_Work instruction_
Taking the line with "Áo khoác dáng" as the first and the line with "Газовый котел, теплы" as the last, set down exactly every line in that range from the entries below, and no more.

_Records to use_

============================================================

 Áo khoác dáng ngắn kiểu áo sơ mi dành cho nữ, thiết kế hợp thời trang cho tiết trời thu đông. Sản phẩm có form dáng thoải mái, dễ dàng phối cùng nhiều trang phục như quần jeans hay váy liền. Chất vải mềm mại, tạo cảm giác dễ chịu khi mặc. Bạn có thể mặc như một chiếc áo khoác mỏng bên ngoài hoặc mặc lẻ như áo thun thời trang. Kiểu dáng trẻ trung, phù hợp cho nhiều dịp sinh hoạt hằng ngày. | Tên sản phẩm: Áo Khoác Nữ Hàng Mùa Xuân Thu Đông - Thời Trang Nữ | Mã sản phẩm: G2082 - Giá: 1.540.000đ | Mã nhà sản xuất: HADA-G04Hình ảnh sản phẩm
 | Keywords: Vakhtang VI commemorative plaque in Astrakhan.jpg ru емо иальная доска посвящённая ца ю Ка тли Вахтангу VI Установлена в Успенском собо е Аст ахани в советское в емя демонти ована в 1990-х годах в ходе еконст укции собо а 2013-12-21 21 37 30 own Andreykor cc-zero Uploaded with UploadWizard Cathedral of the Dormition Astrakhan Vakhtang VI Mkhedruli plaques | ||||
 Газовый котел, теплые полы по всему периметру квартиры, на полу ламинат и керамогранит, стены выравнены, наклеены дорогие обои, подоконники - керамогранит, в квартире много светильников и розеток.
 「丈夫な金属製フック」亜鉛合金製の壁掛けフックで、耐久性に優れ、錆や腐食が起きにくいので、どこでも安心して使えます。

============================================================

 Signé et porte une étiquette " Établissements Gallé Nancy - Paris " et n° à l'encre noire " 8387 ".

============================================================

_Solution for this problem_
 Áo khoác dáng ngắn kiểu áo sơ mi dành cho nữ, thiết kế hợp thời trang cho tiết trời thu đông. Sản phẩm có form dáng thoải mái, dễ dàng phối cùng nhiều trang phục như quần jeans hay váy liền. Chất vải mềm mại, tạo cảm giác dễ chịu khi mặc. Bạn có thể mặc như một chiếc áo khoác mỏng bên ngoài hoặc mặc lẻ như áo thun thời trang. Kiểu dáng trẻ trung, phù hợp cho nhiều dịp sinh hoạt hằng ngày. | Tên sản phẩm: Áo Khoác Nữ Hàng Mùa Xuân Thu Đông - Thời Trang Nữ | Mã sản phẩm: G2082 - Giá: 1.540.000đ | Mã nhà sản xuất: HADA-G04Hình ảnh sản phẩm
 | Keywords: Vakhtang VI commemorative plaque in Astrakhan.jpg ru емо иальная доска посвящённая ца ю Ка тли Вахтангу VI Установлена в Успенском собо е Аст ахани в советское в емя демонти ована в 1990-х годах в ходе еконст укции собо а 2013-12-21 21 37 30 own Andreykor cc-zero Uploaded with UploadWizard Cathedral of the Dormition Astrakhan Vakhtang VI Mkhedruli plaques | ||||
 Газовый котел, теплые полы по всему периметру квартиры, на полу ламинат и керамогранит, стены выравнены, наклеены дорогие обои, подоконники - керамогранит, в квартире много светильников и розеток.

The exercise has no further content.